— Exercise —
All of the data that follows is to be printed exactly, without pictures.

— Information provided —
◇ ◇ ◇ ◇ ◇

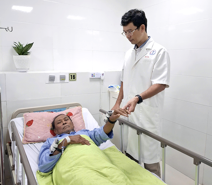 TS.BS Hà Tấn Đức, Trưởng Khoa Đột quỵ, Bệnh viện Đa khoa Trung ương Cần Thơ, kiểm tra thiết bị đeo tay bệnh nhân. Ảnh: Nhân vật cung cấp
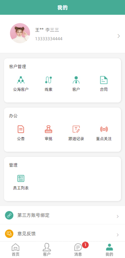 精细化客户管理,客户跟进、成交、合同,回款等全方位管理
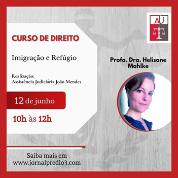 A Assistência Judiciária João Mendes (AJ), órgão de orientação jurídica gratuita à população de baixa renda, dos alunos e antigos alunos da Faculdade de Direito do Mackenzie, anuncia a realização do Curso “Curso Imigração e Refúgio ”, que será ministrado pela professora Dra. Helisane Mahlke de Direito Internacional da Faculdade de Direito do Mackenzie.

◇ ◇ ◇ ◇ ◇

— Answer to this exercise —
 TS.BS Hà Tấn Đức, Trưởng Khoa Đột quỵ, Bệnh viện Đa khoa Trung ương Cần Thơ, kiểm tra thiết bị đeo tay bệnh nhân. Ảnh: Nhân vật cung cấp
 精细化客户管理,客户跟进、成交、合同,回款等全方位管理
 A Assistência Judiciária João Mendes (AJ), órgão de orientação jurídica gratuita à população de baixa renda, dos alunos e antigos alunos da Faculdade de Direito do Mackenzie, anuncia a realização do Curso “Curso Imigração e Refúgio ”, que será ministrado pela professora Dra. Helisane Mahlke de Direito Internacional da Faculdade de Direito do Mackenzie.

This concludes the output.